- Born: 19 June 1944 Perth, Western Australia
- Died: 17 February 2024 (aged 79) Voorhees Township, New Jersey, United States
- Occupation: Violinist
- Instrument: Violin • viola
- Spouse(s): Patricia Walmsley Beverly McCoy ​(m. 1978⁠–⁠2024)​

= Geoffrey Michaels =

Australian violinist and violist (1944–2024)

Geoffrey Michaels (19 June 1944 – 17 February 2024) was an Australian violinist and violist. A child prodigy in Australia during the 1950s, he performed and taught primarily in the United States.

== Early life and education==
Born in 1944 in Western Australia, Michaels began taking violin lessons at the age of five, and soon was recognized as a prodigy. At 14, he became the youngest performer ever to win the Australian Broadcasting Commission's concerto competition, and made his first recording, which sold out within weeks of its release.

At the age of 16 he went to the United States to attend the Curtis Institute of Music, where he studied violin with Efrem Zimbalist, and violin and viola with Oscar Shumsky.

==Career==
While still a student he became a member of the Curtis String Quartet. He then pursued a solo career, winning the fourth annual Emma Feldman Competition in Philadelphia, and placing among the finalists in the Long-Thibaud-Crespin Competition in Paris, the Queen Elizabeth Competition in Brussels, and the Tchaikovsky Competition in Moscow, where he played Zimbalist's "Coq d'Or Fantasy".

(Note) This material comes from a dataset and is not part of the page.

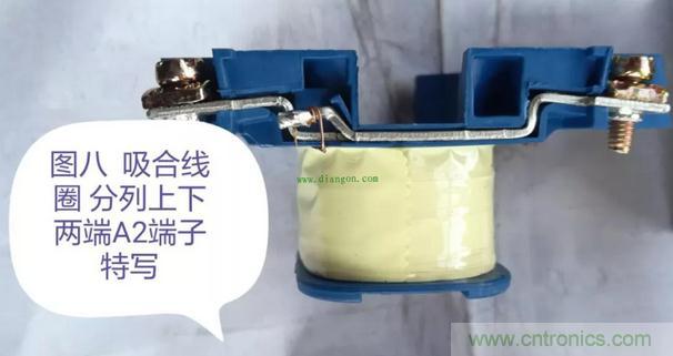 接下來我們再來看一下繼電器內部吸合部分的構造,在這部分當中以固定吸合磁鐵上短路環所引發的故障最為常見,詳情請看圖七至圖九的展示:
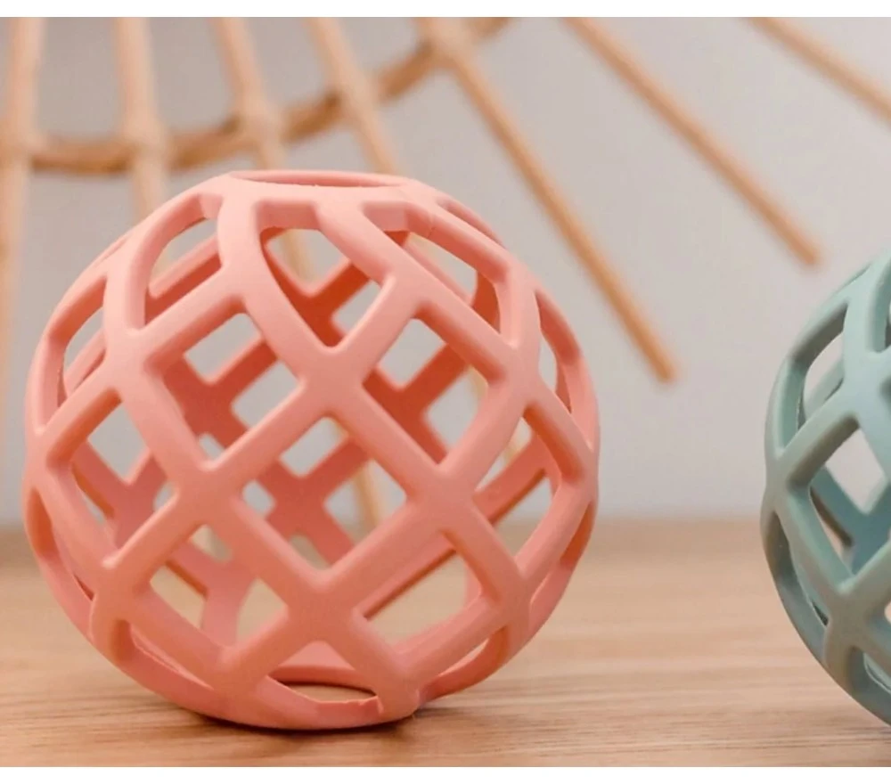 Una palla in morbido silicone alimentare (totalmente atossico e privo di BPA o ftalati) per i primi esperimenti di motricità e perfetta anche per la dentizione.

Michaels was a professor at Florida State University and the University of British Columbia, and also maintained teaching affiliations with The New School of Music, Princeton University and Swarthmore College.

== Performances ==
Notable contemporary concerto performances include the US premiere of Alfred Schnittke’s Concerto Grosso (broadcast on Voice of America), and Arvo Pärt's Tabula Rasa for Two Violins and Strings and Fratres, both at Lincoln Center in New York City.

During his many tours of Australia, he collaborated with pianist and composer Roger Smalley. Smalley's "Trio for Violin, Cello, and Piano" (1990–91), commissioned by the Melbourne International Chamber Music Competition, bears the dedication "To Geoffrey Michaels".

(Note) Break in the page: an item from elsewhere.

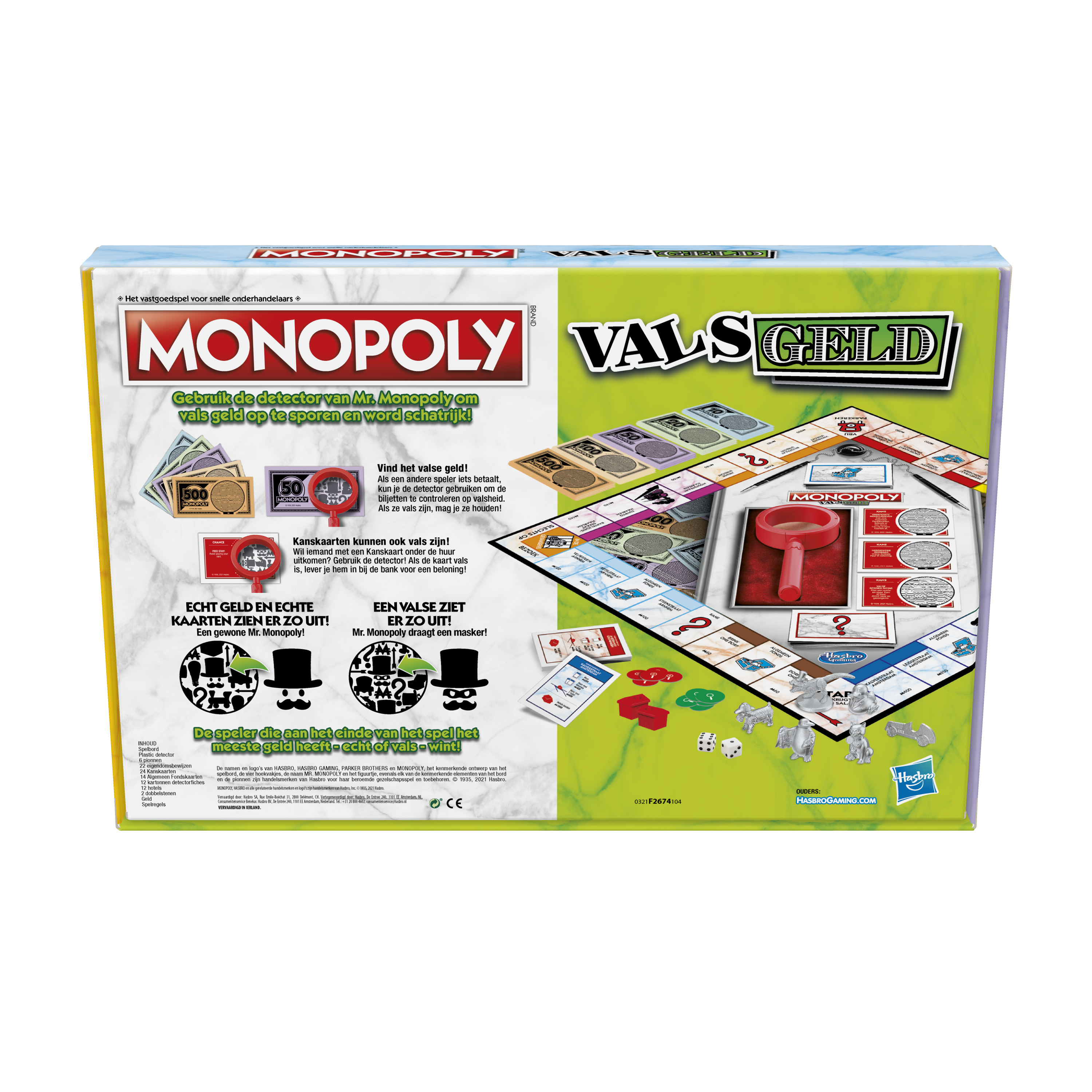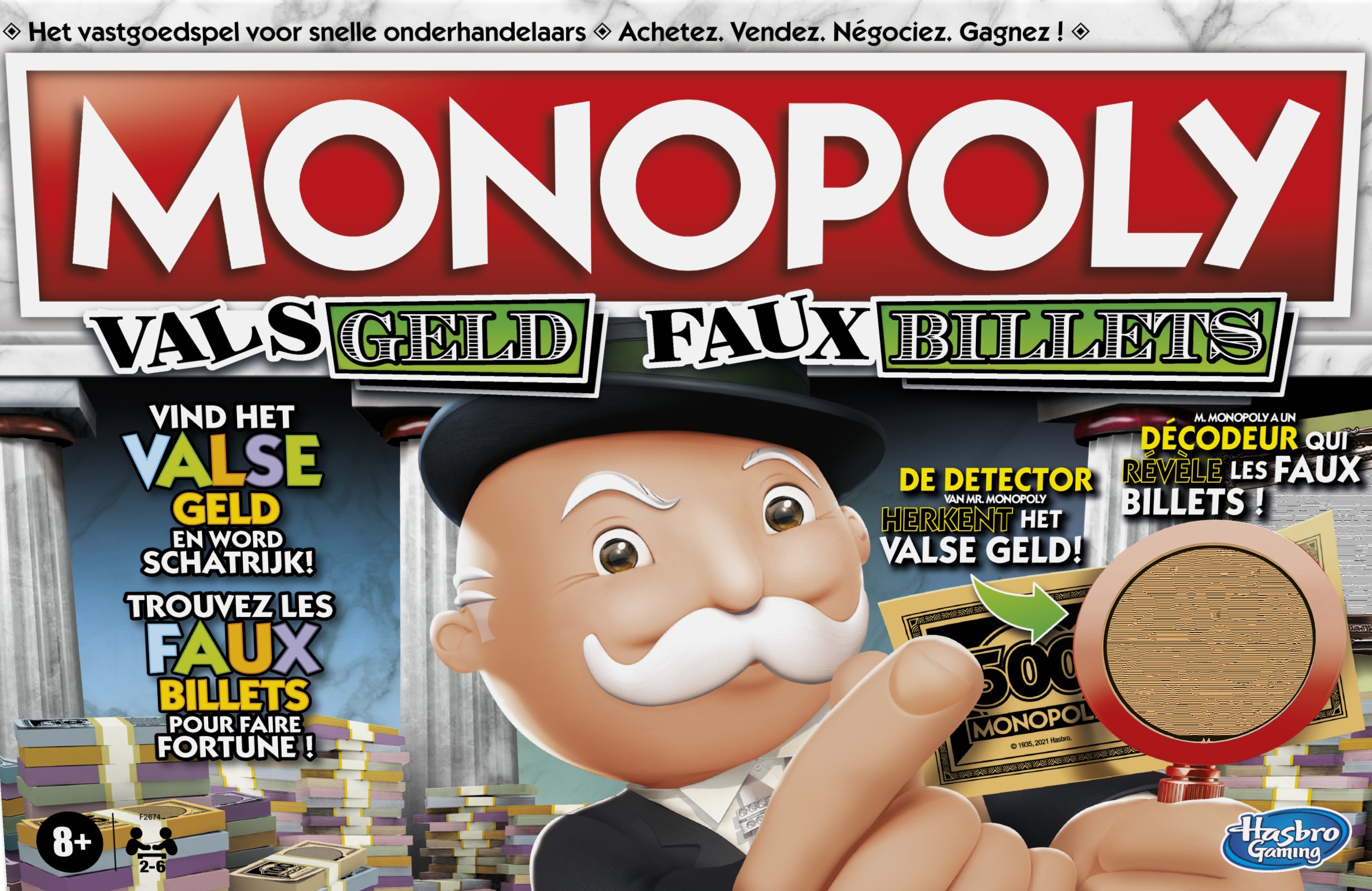 Au Monopoly Faux billets, il ne faut pas se fier aux apparences, car quelqu'un a ajouté de faux billets et de fausses cartes Chance au jeu. Heureusement, M. Monopoly met son décodeur à la disposition des joueurs pour les aider à dénicher les faux billets tout en faisant fortune. Dans ce jeu captivant de révélations, les joueurs utilisent judicieusement leurs jetons pour défier leurs adversaires. Inclut des pions Monopoly qui mettent en valeur la thématique du jeu. Le joueur avec le plus d'argent (vrai ou faux) à la fin de la partie gagne. Ce jeu de société amusant pour la famille est un super choix pour les soirées de jeu ou pour une activité d'intérieur pour les enfants (à partir de 8 ans). Les noms et logos Hasbro, Hasbro Gaming, Parker Brothers et Monopoly, la conception exclusive du plateau de jeu, les quatre cases de coin du plateau, le nom et le personnage M. Monopoly, chacun des éléments distinctifs du plateau de jeu et les accessoires du jeu sont des marques de commerce de Hasbro pour son jeu de transactions de propriétés et les accessoires afférents.

Michaels was a founding member of the Liebesfreud Quartet, and also performed in many other chamber ensembles, including the Janus Piano Trio, Performers' Committee for Twentieth Century Music (New York), Richardson Chamber Players (Princeton), and Vancouver New Music Society.

== Death ==
Geoffrey Michaels died on 17 February 2024, aged 79, at the Samaritan Center in Voorhees Township, New Jersey, from complications of Parkinson's disease.